Albert Einstein first published his theory of special relativity in 1905. (Image courtesy of Wikipedia.)

Course Highlights

This course features a complete set of lecture notes, assignments, and exams.

Course Description

This course, which concentrates on special relativity, is normally taken by physics majors in their sophomore year. Topics include Einstein's postulates, the Lorentz transformation, relativistic effects and paradoxes, and applications involving electromagnetism and particle physics.

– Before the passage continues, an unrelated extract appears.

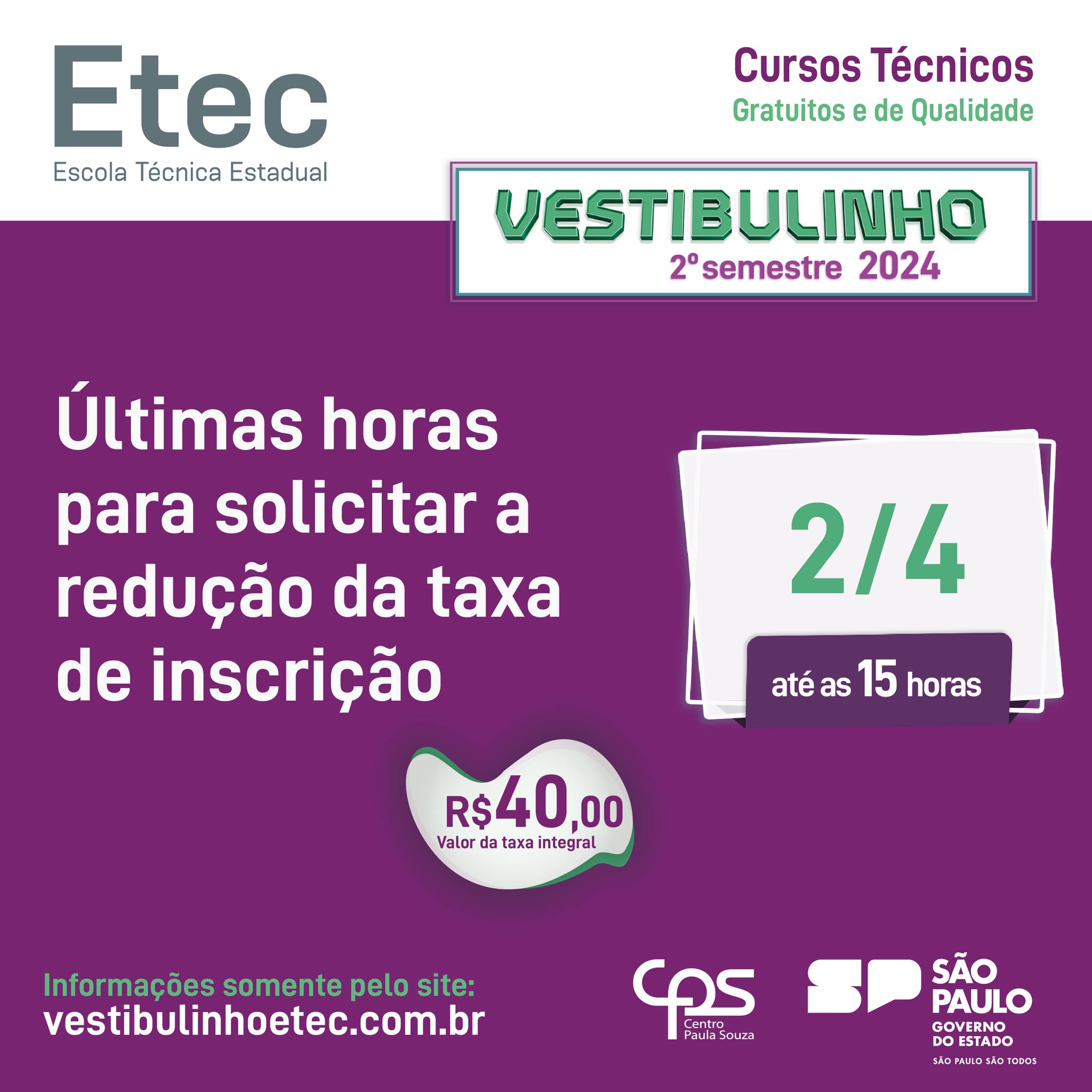 Os estudantes que querem estudar na nas Etecs devem ficar atentos: os pedidos de redução da taxa de inscrição do Vestibulinho 2024/2 ainda estão sendo recebidos, mas o prazo termina nesta terça-feira, 02 de abril.

This course also provides a brief introduction to some concepts of general relativity, including the principle of equivalence, the Schwartzschild metric and black holes, and the FRW metric and cosmology.

Syllabus

Course Description

This course is normally taken by physics majors in their sophomore year.

Major Topics Include

Einstein's Postulates, and their Consequences for
- Simultaneity
- Time Dilation
- Length Contraction
- Clock Synchronization
Lorentz Transformation
Relativistic Effects and Paradoxes
Minkowski Diagrams
Relativistic Invariants and Four-Vectors
Relativistic Momentum, Energy, and Mass
Relativistic Particle Collisions
Relativity and Electricity
- Coulomb's Law
- Magnetic Fields
Introduction to Key Concepts of General Relativity
- Principle of Equivalence
- Cosmology
- Friedman-Robertson-Walker Metric
- Black Holes
- Schwarzchild Metric
- Gravitational Red Shift
- Particle and Light Trajectories
- Shapiro Delay
- Gravitational Lensing

Prerequisites

Physics I (8.01), Calculus II (18.02)

Texts

Resnick, Robert. Introduction to Special Relativity. New York, NY: Wiley, 1968.

French, A. P. Special Relativity. Massachusetts Institute of Technology Education Research Center: MIT Introductory Physics Series. New York, NY: Norton, 1968.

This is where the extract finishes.